The proxy doesn't do anything but forwarding the semantically unmodified request and response (with a byte-by-byte identical message body) for all HTTP requests methods but HTTP POST. In the case of HTTP POST it does the following in addition to forwarding the unmodified request:
- It dereferences the resource against which the request is directed with an HTTP GET request, and with an Accept header indicating preference for RDF representations
- If an RDF representation of the resource is returned check if it says that the requested resource is a transforming LDPC
- If it is a transforming LDPC get the URI of the transformer from the graph and use the transformer client library to transform the body of the POST request.
- If and when transformation succeeds, POST the request to the backend keeping all headers of the original requests except those which contradict the properties of the transformation results (e.g.
Content-type
) and theSlug
header which is modified by adding a suffix. The inclusion of the original headers allows the proxy to work in setting where the backend requires authentication.
The integration of the Virtuoso Crawler is described in detail in D2.1 and shall not be repeated here. The crawler is a service to efficiently retrieve data for storage and semantic enrichment with the P3 platform. While building on the established Virtuoso Crawler it now supports the LDP standard for storing the data with the P3 platform.
Originally we planned to implement a logging no-operation transformer for debugging to provide the traceability envisaged by T5.3. This no-op transformer could have been added at any position of a transforming pipeline to log the data passed from one transformer to the next. The no-op transformer was thought to be useful to monitor the data at each of its transformation steps. Experience has shown however that standard TCP/IP network monitoring tools where sufficient in most cases. The only case we encountered where standard TCP/IP monitoring tool were not powerful enough was when debugging a scenario where different pipelines that are run concurrently access the same transformer, but even in this case we did not need the planned logging no-operation transformer but could use a standard logging HTTP Proxy such as The Grinder [Grinder], given that the transformer API is based on HTTP and the RDF data exchange bases on standard serialization formats no further tool was needed. This finding clearly exemplifies the benefits of the chose standards based architecture with loosely coupled components communicating via HTTP and standard format.
The Dashboard allows the user to visually interact with transforming containers (defined in D5.1).

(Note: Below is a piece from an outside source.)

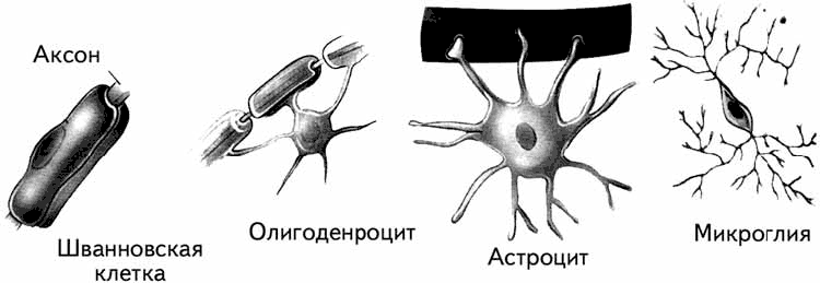 Рис. 1.12. Формы некоторых глиальных клеток.
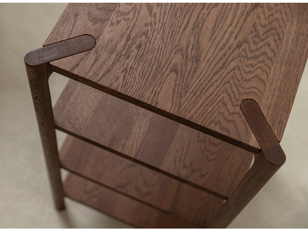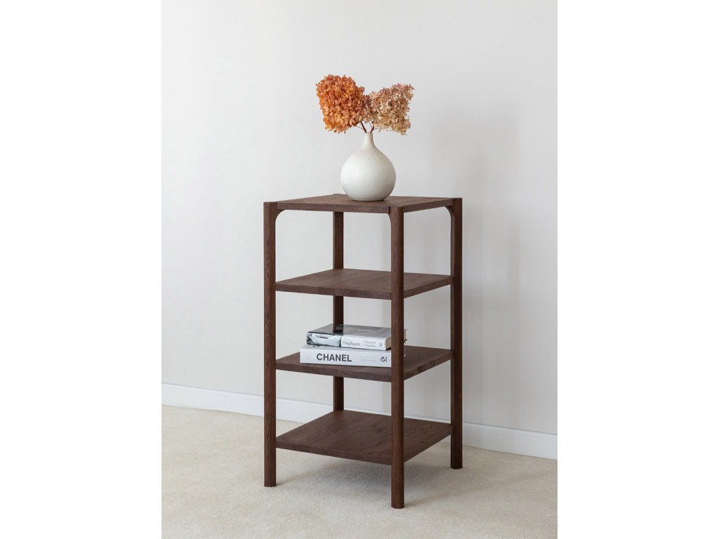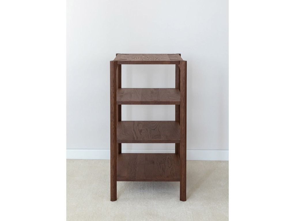 Regál Campi v prevedení tabakovo hnedá zaujme svojím hlbším tónom dreva a nadčasovým charakterom. Konštrukcia z masívneho dubu v kombinácii s olejovanou povrchovou úpravou zabezpečuje dlhú životnosť a odolnosť. Tri otvorené police umožňujú prehľadné uloženie aj vystavenie predmetov bez zbytočného zahltenia priestoru. Tento univerzálny kus nábytku sa ľahko prispôsobí rôznym štýlom bývania. Rozmery: 43 × 80 × 43 cm (š × v × h).

The dashboard supports multiple configurations effectively allowing the user to have multiple visual workbenches to serve different usage scenario of one or of several users. With the Dashboard the user can drag-and-drop files to the platform, as defined by the Transforming Container API these files are not only added to the container, but a transformation job is also started in the background. The user will immediately see and be able to access the uploaded data (i.e. the file drag-and-dropped to the visual representation of the container and shortly after the transformation completed also the results of the transformation. The dashboard is described in detail in D4.1.

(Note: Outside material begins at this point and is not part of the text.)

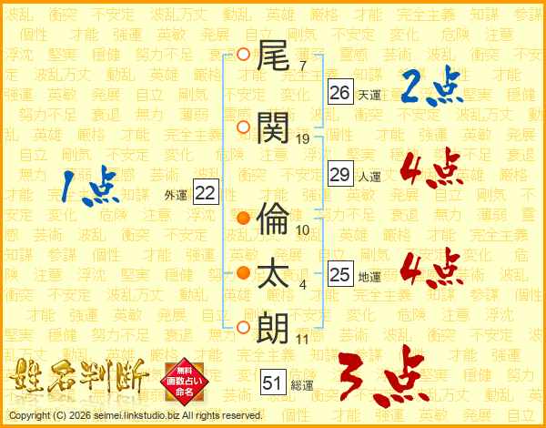 尾(7画)関(19画) 倫(10画)太(4画)朗(11画)

With T5.4 the DoW foresees the development of application level retrieval and query services. The platform architecture described in D5.1 stipulates that interaction with the platform by non-human agents as well as interactions between platform components shall be based on either established protocols and standards for interacting with linked data, specifically:
- Linked Data Platform 1.0 [LDP]
- SPARQL 1.1 Query Language [SPARQL]
As well as protocols defined by the P3 project. The protocols defined within the project shall follow the REST design principles. Notably the following protocols where defined within P3:
- Transformer API
- Transforming Container API
- Transformer Registry API
- User Interaction Request API
Apart from there adherence to the REST principles and (except for the first) relying on the LDP specification what these protocols have in common is that the payload of the messages (the HTTP message body) is expressed using a media type encoding an RDF graph (or, where the LDP specification foresees this, a serialization that will become an RDF graph once the LDP instance assigns the necessary base IRI for parsing). To foster interoperability at the semantic level the platform architecture also defines which ontologies shall be used for the purpose of describing semantic enrichments, notably:
- Open Annotation [Sanderson2013]
- Fusepool Annotation Model (FAM)
These standards and API describe generic and domain independent data retrieval and processing mechanism. The use of standard ontologies for describing annotations allows for text/label based retrieval using the standard SPARQL protocol. Where the backend supports GeoSPARQL [Perry] it is also possible to run more advanced topological queries using the SPARQL protocol. It should however be noted that simple bounding-box based spatial/temporal queries can be run efficiently against any SPARQL endpoint without requiring specific extensions.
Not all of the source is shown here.